You are an expert in SQL++ query generation. You will be given a document schema and a natural language query. You need to generate a valid SQL++ query equivalent to the natural language query.

Bucket Name: travel-sample Scope Name: inventory

Use the given document schema to generate the SQL++ query.

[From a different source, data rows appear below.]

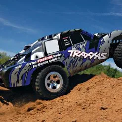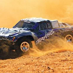 The Traxxas Slash puts you in the driver’s seat for intense fender-to-fender, high-flying off-road action. The full-scale Short Course Race Trucks embody the spirit of Traxxas R/C with their extreme 900+ horsepower racing engines full-throttle, dirt-roosting power slides, giant suspension travel, and Supercross-style big-air jumps. The Traxxas Slash brings all the action home so you can experience the high-speed, head-to-head competition at the track, or in your own backyard. The Slash was inspired by the TORC (THE Traxxas Off-Road Championships) Pro 2WD class. The Traxxas Slash hangs it out for an all new way to challenge your driving skills.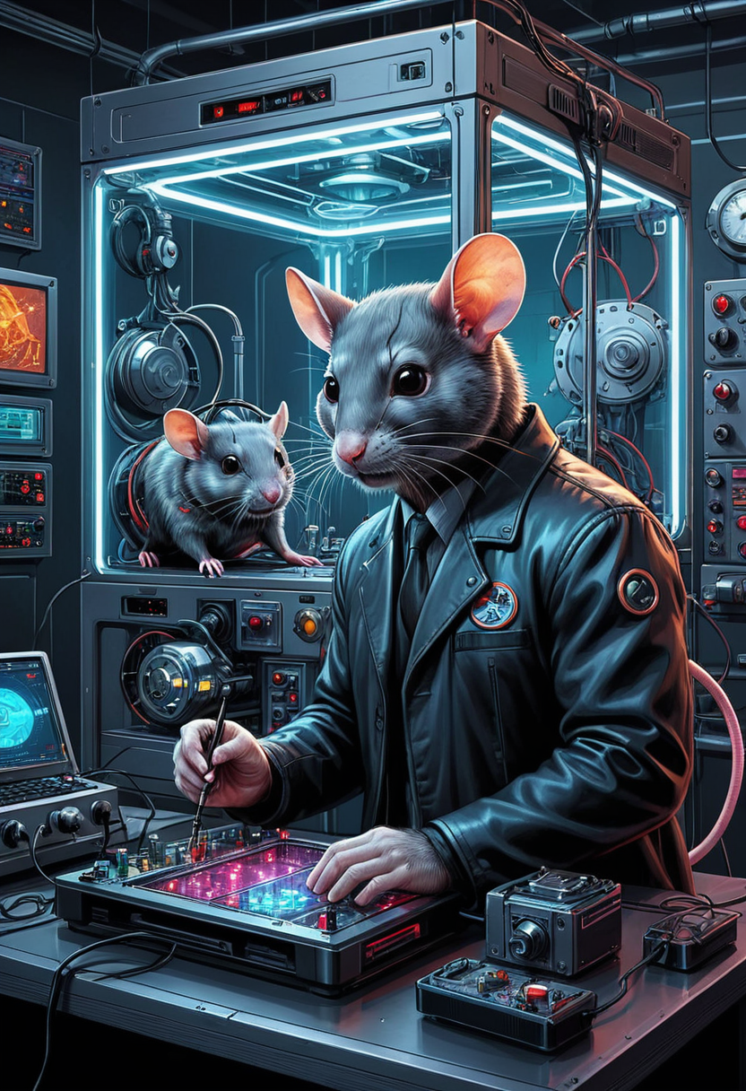 masterpiece, photorealistic, intricate, high quality, popular on artstation, surrealistic, pop art, concept art, matte colors, retro scifi cover art, (diabolical lab rats:1.6) plotting to guide human evolution through preforming science experiments, figure inside crustal cube filled by liquid stands behind, line art, , headphones, <lora:add-detail-xl:0.8> <lora:InkArtXL_1.2:0.6> OverallDetailXL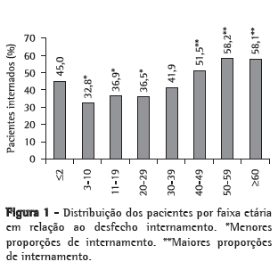 Em relação à faixa etária, 88,5% dos pacientes internados apresentavam menos de 50 anos de idade, sendo a maioria pertencente à faixa etária de 20 a 29 anos. Somente 2,8% dos pacientes internados apresentavam idade igual ou superior a 60 anos.
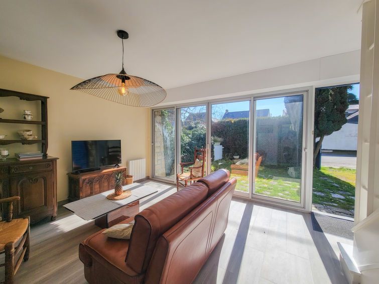 5-room terraced house 110 m2. Fully renovated in 2023, comfortable furnishings: living/dining room with TV (flat screen). Exit to the garden. Open kitchen (dishwasher, 3 induction hot plates, toaster, kettle, microwave, electric coffee machine). Sep. WC. Upper floor: 1 room with 1 french bed (1 x 160 cm, length 200 cm).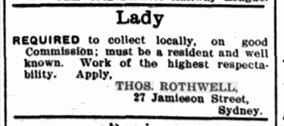 At the same time as the various fundraising events were organized by Rothwell with the assistance of kind-hearted and trusting supporters, he was seeking collectors who would collect funds in country areas on behalf of the SGPRF. E.T. Perry had done this from around 1911 until 1914, but Rothwell intensified his efforts in 1912 to raise funds from the canvassing of country towns. A series of advertisements began to appear in local country newspapers seeking collectors for the following areas: [65] Tamworth, Jerilderie, Urana, Hay and Molong. The collectors he sought were Ladies, residents of and well known in the collection area, a criterion that would probably get a sympathetic response as they knocked on doors, and who would not ask him too many difficult questions about the use of the money.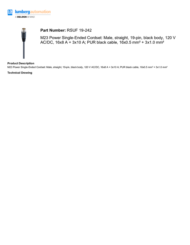 Lumberg Automation 63299 Złącze konfekcjonowane czujnika/aktuatora M23 złącze męskie proste 20.00 m Ilość pinów: 19 1 sz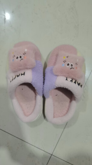 LA CHAPELLE HOMME男女宝儿童室内居家保暖软底可爱毛绒棉拖鞋 粉色 32-33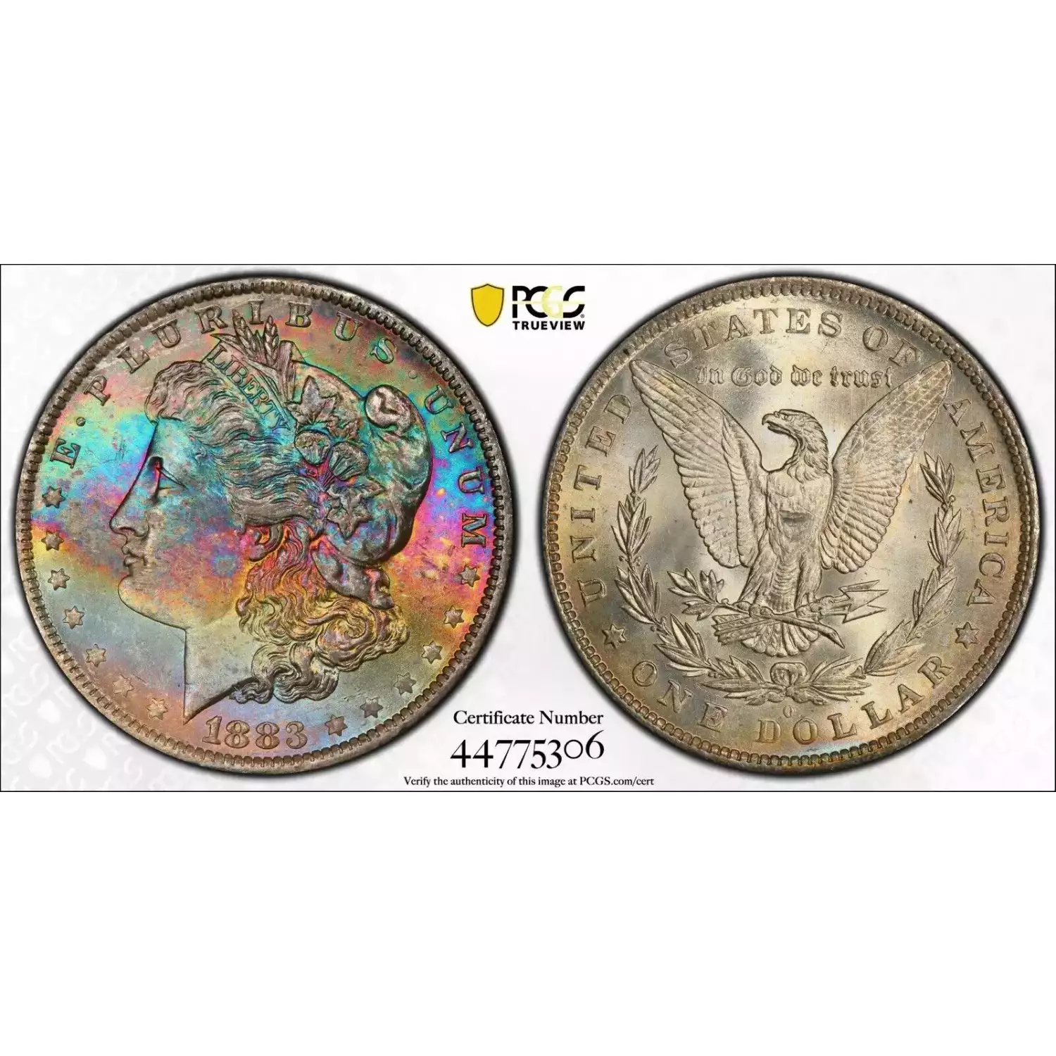 1883-O $1 PCGS MS64 Rainbow Toned Morgan Silver Dollar Rainbow Toning
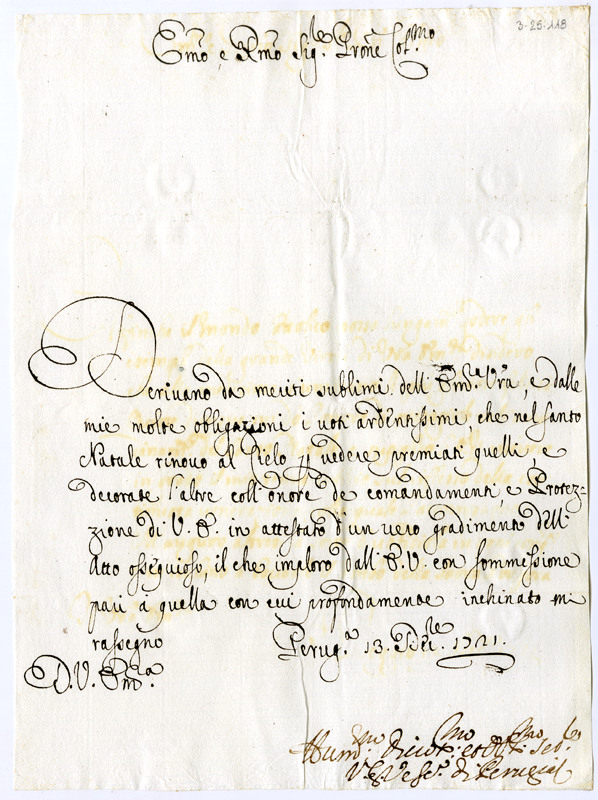 Lettera di Vitale Giuseppe vescovo di Perugia al cardinale Annibale Albani (1721 dicembre 13)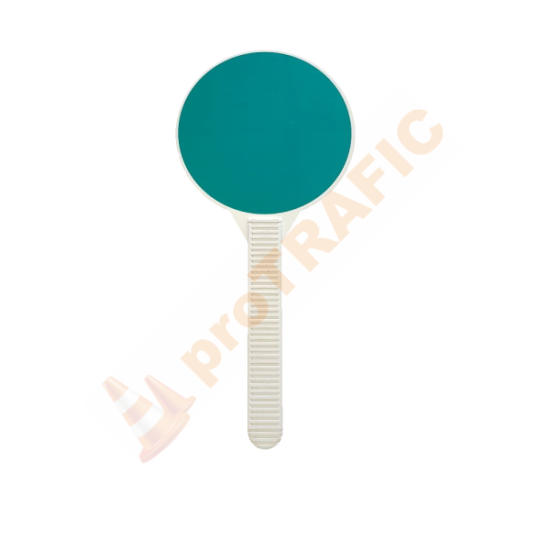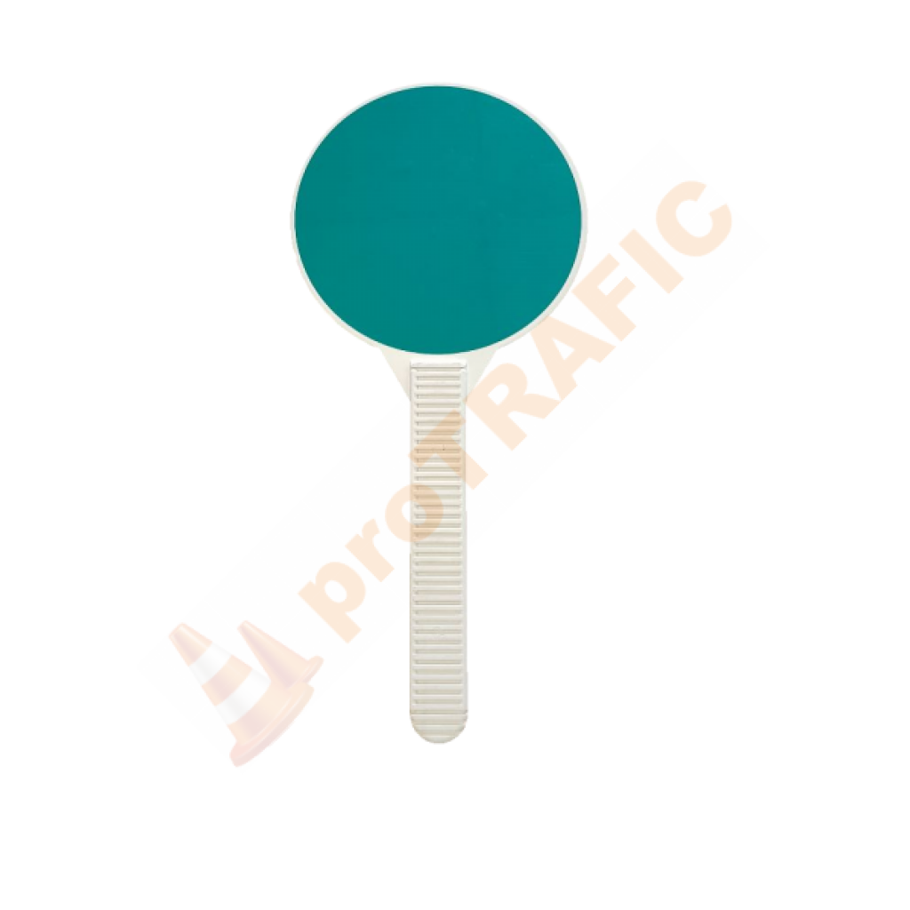 Paleta reflectorizanta de santier Verde Rosu are că destinație atât dirijarea vehiculelor rutiere aflate în trafic de către agenții de circulație, cât și dirijarea vehiculelor rutiere în zonele unde au loc intervenții la partea carosabila de către angajații firmelor de construcții. Paleta reflectorizanta de santier Verde Rosu este confecționată din plastic pe care este aplicată folie reflectorizantă verde respectiv roșie. Paletă are diametrul de 200 mm.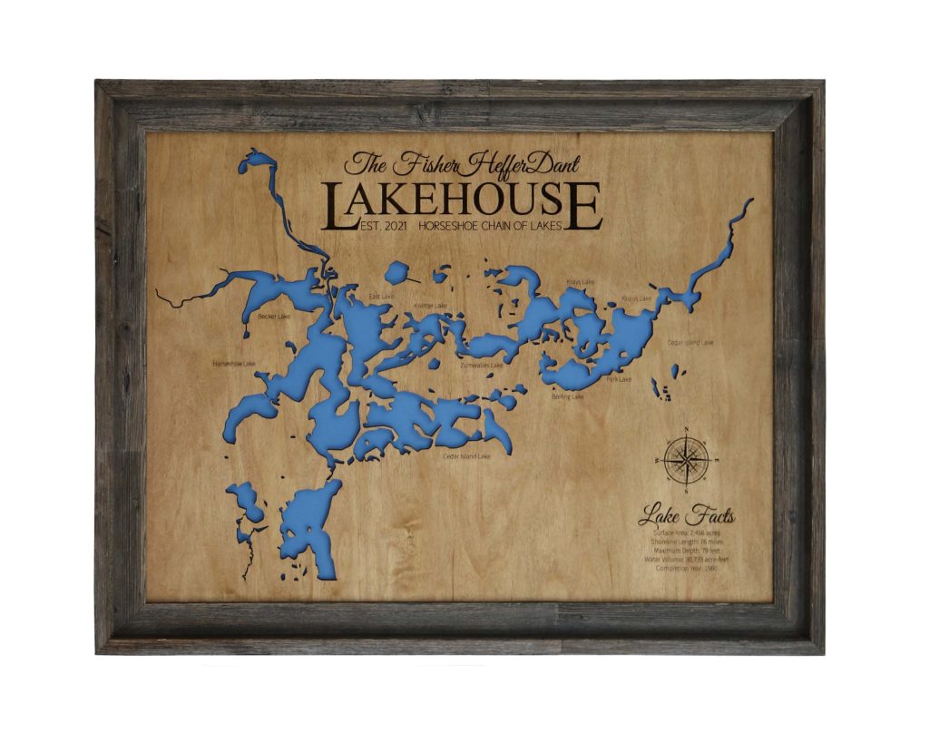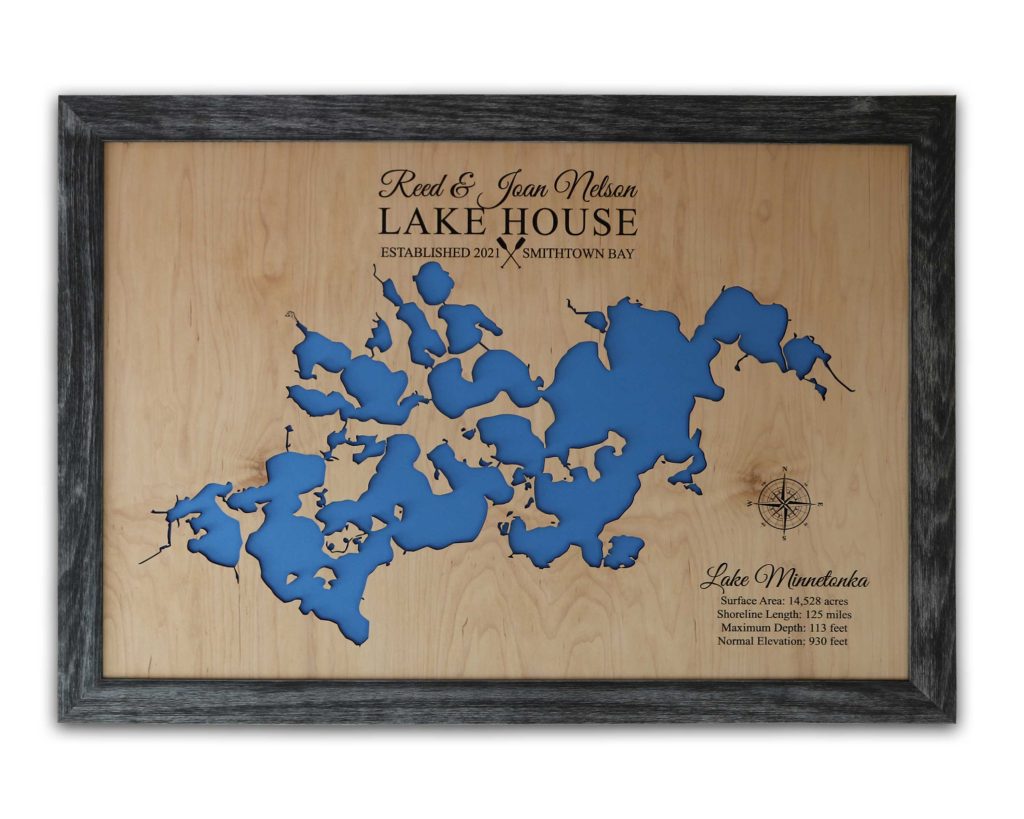 Simply select the size, finish and frame type you prefer, then create the personalization. You’ll enter your lake name and any additional details you think are helpful. There a number of choices for these beautiful wood lake maps so the most difficult part may be deciding on your favorites!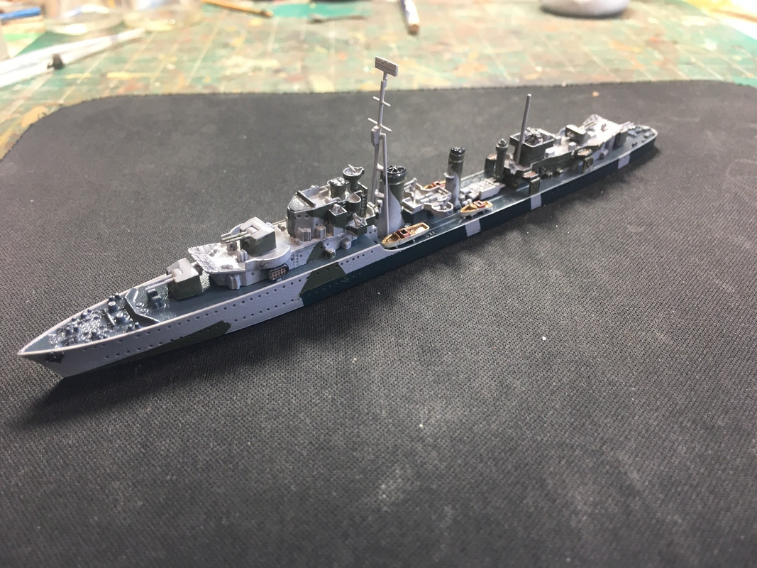 I should have painted camo colours on the superstructure and funnels with them off the deck. Much harder to do once in place. Got a gloss coat of Vallejo gloss acrylic varnishon it to prep for decals and washes. Seems to go on smoother and shinier than the alclad aqua gloss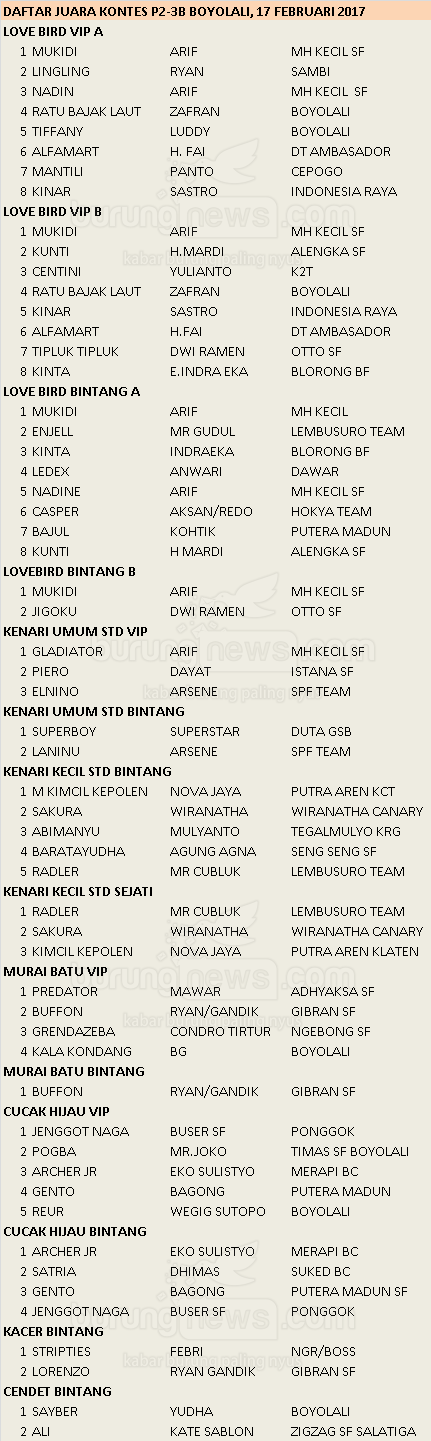 Hasil Lomba Burung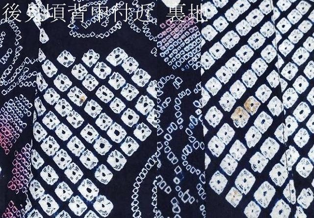状態は接写画像のように、後身頃背中付近・裏地に薄いシミがございますが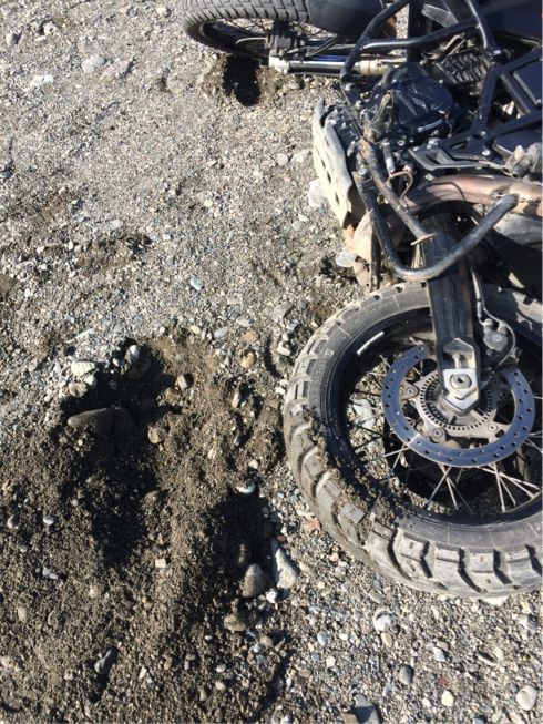スタンド立てなくてもバイク立ってる。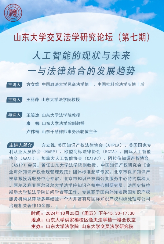 讲座预告|山东大学交叉法学研究论坛(第七期):人工智能的现状与未来——与法律结合的发展趋势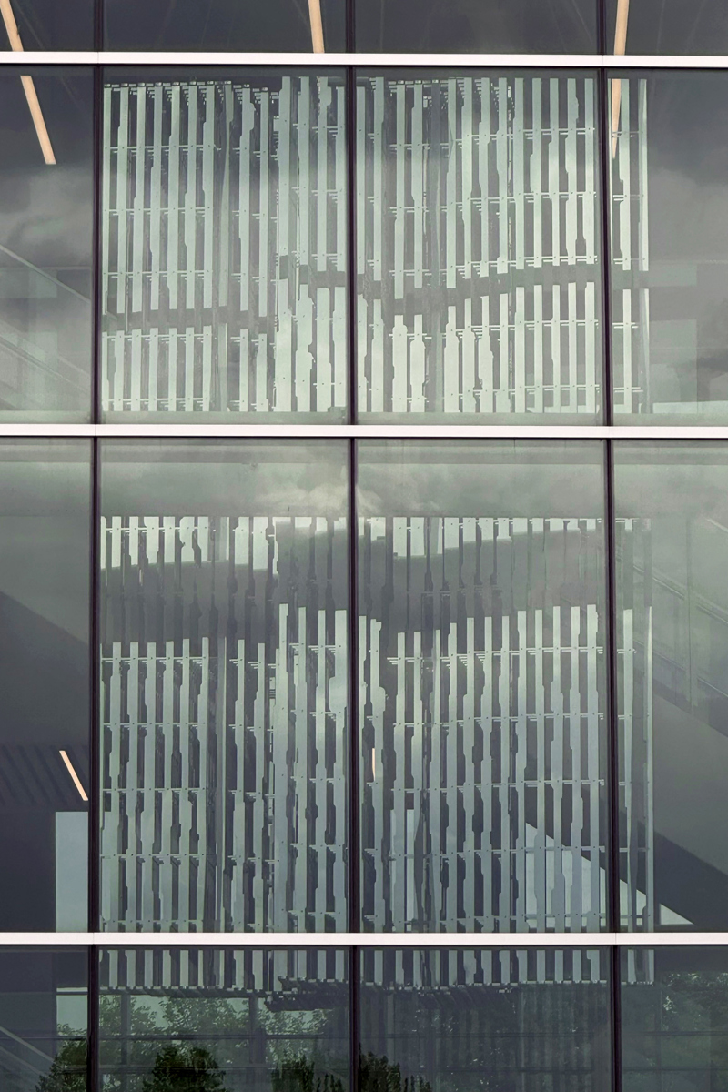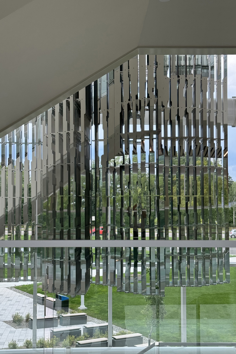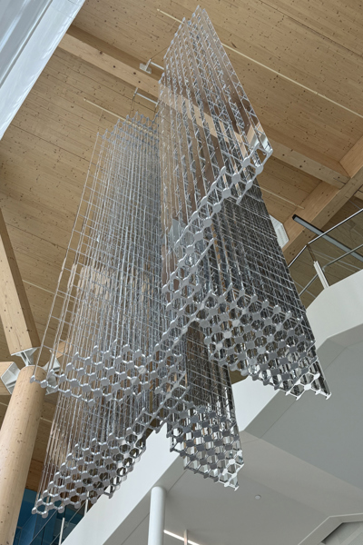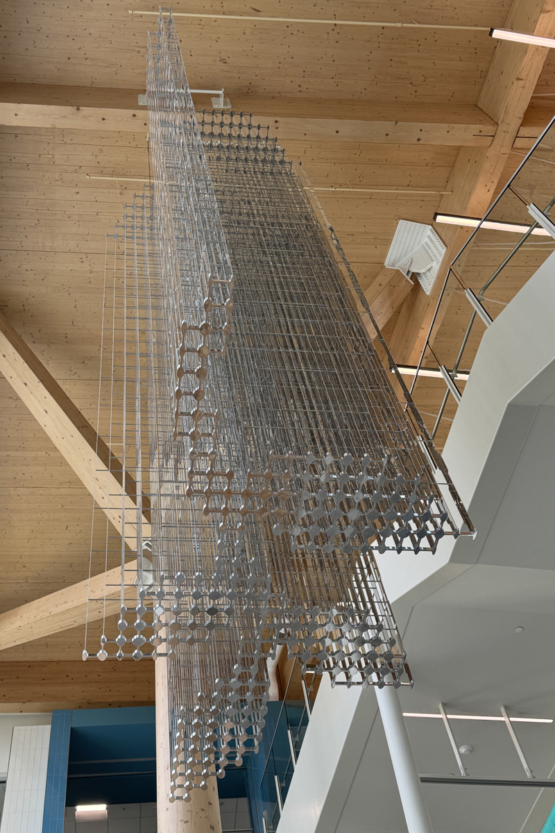 Malgré sa hauteur de 6 m, l’installation s’insère avec légèreté dans le hall vitré. Ses trouées créent un jeu de transparence ; sa surface polie reflète les mouvements. Un repère marquant pour les élèves qui apprennent ici à devenir les citoyens et citoyennes de demain.

Document Schema: {'route': {'properties': {'airline': {'samples': ['AS', 'BA'], 'type': 'string'}, 'airlineid': {'samples': ['airline_1355', 'airline_1756'], 'type': 'string'}, 'destinationairport': {'samples': ['ATL', 'JFK'], 'type': 'string'}, 'distance': {'samples': [448.3541058305, 466.0724892866], 'type': 'number'}, 'equipment': {'samples': ['73H 73J', '744'], 'type': 'string'}, 'id': {'samples': [11761, 14501], 'type': 'number'}, 'schedule': {'items': {'properties': {'day': {'type': 'number'}, 'flight': {'type': 'string'}, 'utc': {'type': 'string'}}, 'type': 'object'}, 'samples': [[{'day': 0, 'flight': 'AS136', 'utc': '05:15:00'}], [{'day': 0, 'flight': 'BA803', 'utc': '22:55:00'}]], 'type': 'array'}, 'sourceairport': {'samples': ['DUS', 'GCM'], 'type': 'string'}, 'stops': {'samples': [0], 'type': 'number'}, 'type': {'samples': ['route'], 'type': 'string'}, '~meta': {'properties': {'id': {'samples': ['route_11761', 'route_14501'], 'type': 'string'}}, 'samples': [{'id': 'route_11761'}, {'id': 'route_14501'}], 'type': 'object'}}, 'type': 'object'}}

Natural Language Query Retrieve the route identifier and destination airport fields from the route collection, limited to seven documents.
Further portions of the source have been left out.